Gain and transient photoresponse of quantum well infrared photodetectors: a detailed ensemble Monte Carlo study

Abstract

We investigate different gain characteristics observed on quantum well infrared photodetectors (QWIPs) fabricated with various material systems, and the effects of barrier material properties on the device characteristics through detailed ensemble Monte Carlo simulations. When the energy spacing between the central and satellite valleys is increased, the improvement in the excited electron lifetime is found to be much stronger than that in the average electron velocity in the device. According to our results, relatively high gain observed in InP/In0.53Ga0.47As QWIPs under large bias is not due to the higher mobility in InP as suggested earlier; it can mainly be attributed to higher excited electron lifetime as a result of relatively large Γ–L energy spacing.
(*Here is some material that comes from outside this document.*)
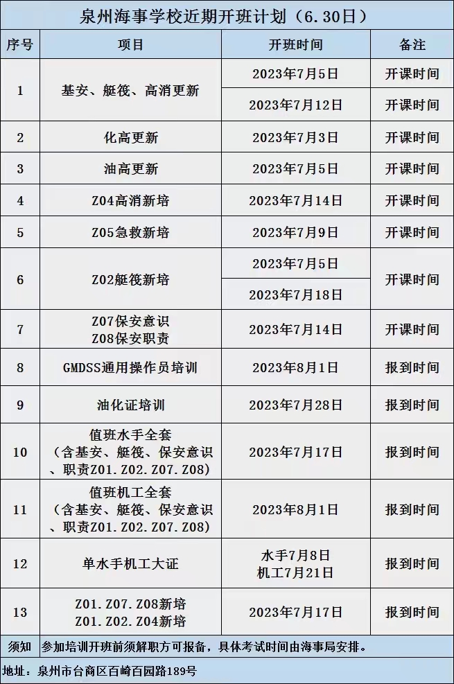 切勿在河北海事局申报办证,11规则可报,04规则不接受报名,课程计划:5月23号理论线上课一天,5月25号到天津市实操仅需半天,请不要提前购买车票,进群后以学校通知为准。

We discuss the details of the fast part of the Al0.3Ga0.7As/GaAs QWIP transient photoresponse, which exhibits three regions with different decay characteristics under a short pulse of radiation. The duration of the final region, during which the electrons excited near the emitter are extracted from the collector, is observed to be considerably long due to the dispersion of the photoelectrons. The photoresponse time rapidly decreases with increasing bias under low bias, and nearly saturates at ∼10ps under large bias being ∼40% larger than the average transit time estimated by dividing the device length to the average steady-state electron velocity in device. We also investigate the effects of the interface reflections on the photoresponse time.